OHA’s decision in Size Appeal of Synergy Solutions, Inc., SBA No. SIZ-5843 (2017) involved a DOE solicitation to support the National Nuclear Security Administration’s Office of Personnel and Facility Clearances at Kirtland Air Force Base.  The solicitation was issued as a small business set-aside under NAICS code 541690, with a corresponding $15 million size standard.

TUVA, LLC submitted a proposal.  TUVA proposed to use two subcontractors: SAVA Workforce Solutions, LLC and Inquiries Inc.  Of the 55 Full Time Equivalents who would work on the contract, TUVA and its subcontractors intended to hire 85% from the incumbent contractor, Synergy Solutions, Inc.

After evaluating competitive proposals, the agency awarded the contract to TUVA.  Synergy filed a size protest, asserting that TUVA was affiliated with its subcontractors under the ostensible subcontractor affiliation rule.

The SBA Area Office issued a size determination finding TUVA to be a small business.  With respect to TUVA’s proposed staffing, the SBA Area Office held that TUVA’s plan to hire 85% of the incumbent personnel was not indicative of ostensible subcontractor affiliation because the incumbent contractor–Synergy–was not proposed as TUVA’s subcontractor.

Synergy filed a size appeal with OHA.  Among its arguments, Synergy asserted that TUVA’s staffing plan demonstrated that TUVA lacked relevant experience and expertise, and that “it is possible” that TUVA would rely on its subcontractors if it was unable to successfully recruit or retain the incumbent employees.

OHA noted that “TUVA proposes to hire a large portion of its workforce (85%) from the incumbent contractor.”  In this case, however, “that concern is not one of TUVA’s proposed subcontractors; rather, the incumbent is [Synergy] itself.”  OHA wrote that, in a previous case, it had held that “there was no ostensible subcontractor violation where the awardee had proposed to hire the incumbent workforce from a firm other than its proposed subcontractors.  That fact pattern is present here.”

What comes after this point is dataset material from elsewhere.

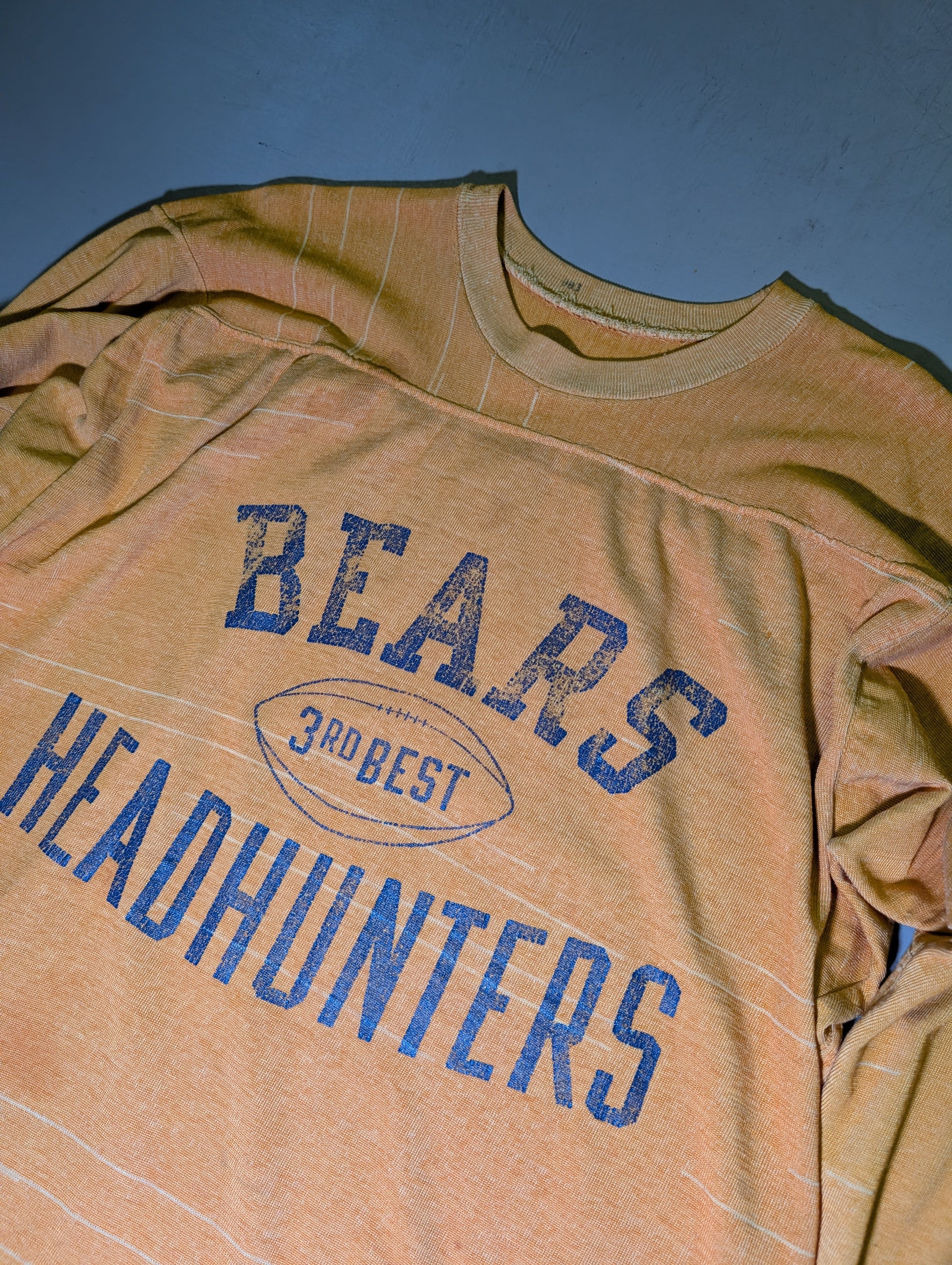 The Bears Headhunters Jersey from the 1950s, available in large, is a historical sports garment made from durable materials. This jersey reflects the design and craftsmanship of mid-20th century sports attire, offering a nostalgic connection to the era. Ideal for collectors and sports enthusiasts alike, it captures a significant piece of athletic history.

OHA denied Synergy’s size appeal.

As OHA has often written, ostensible subcontractor affiliation cases are intensely fact-specific, so Synergy Solutions doesn’t necessarily mean that hiring employees from a third party could never factor into an affiliation analysis.  That said, OHA’s decision is logical: the question at the heart of the ostensible subcontractor rule is whether the awardee is unusually reliant on its subcontractors.  Where, as in Synergy Solutions, the incumbent contractor isn’t proposed as a subcontractor, it may be quite difficult for a protester to show that the awardee’s hiring of incumbent staff demonstrates such unusual reliance.